Tuesday, September 30, 2008

A right royal cock-up

CNN is leading on "McCain takes hit from bailout collapse". After 10 days of incoherence on the economic crisis, McCain probably had no alternative but to try something dramatic - his return to Washington.

But his impulsive action has brilliantly served to show up McCain's major fault. He makes "grand gestures" which are, in fact, impulsive and ill-judged. He has also been shown not to be a team player.
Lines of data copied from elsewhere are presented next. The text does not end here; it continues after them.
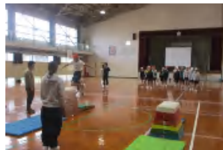
アスリート派遣事業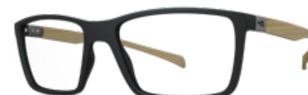
Matte Navy D. Nickel Ref. 10100880517010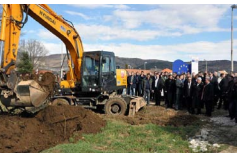
→ Početak radova u Drnišu

Više na stranicama Vlade RH i Ministarstva mora, prometa i infrastrukture .

As Michael Tomasky said at the weekend in the Guardian in an article entitled "How McCain made a drama out of a crisis":

Behind the scenes, Obama was apparently trying to play a constructive role. The New York Times reported of the meeting that "participants said Mr Obama peppered [treasury secretary] Henry Paulson with questions, while Mr McCain said little".
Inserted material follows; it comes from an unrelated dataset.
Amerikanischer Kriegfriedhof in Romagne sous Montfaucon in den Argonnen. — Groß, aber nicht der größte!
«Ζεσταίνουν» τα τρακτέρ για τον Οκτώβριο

By contrast, McCain has been almost entirely about the theatrics - trying to swoop into town and finagle it so he could either take credit for any deal or (more likely) grandly announce he would regretfully have to "put country first" and oppose it.

He certainly hasn't been engaged on a substantive level. He acknowledged to a Cleveland reporter on Tuesday he hadn't read Paulson's proposal, released two days earlier and running to all of three pages. Back in Washington, he clearly allied himself with the Republican intransigents.
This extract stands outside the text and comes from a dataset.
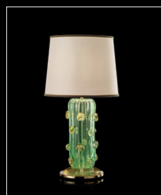
MENTA > 112

...Even McCain supporters will acknowledge high finance is not his strong suit. But in this matter, which will clearly consume a great deal of the next president's time, McCain was concerned wholly with how to gain political advantage. He stood before the mirror, awaiting his close-up.

Presidential campaigns (and their coverage) can be vacuous enough that it just may work in the short term. Americans able to think longer-term saw that experience and judgment don't always walk hand-in-hand.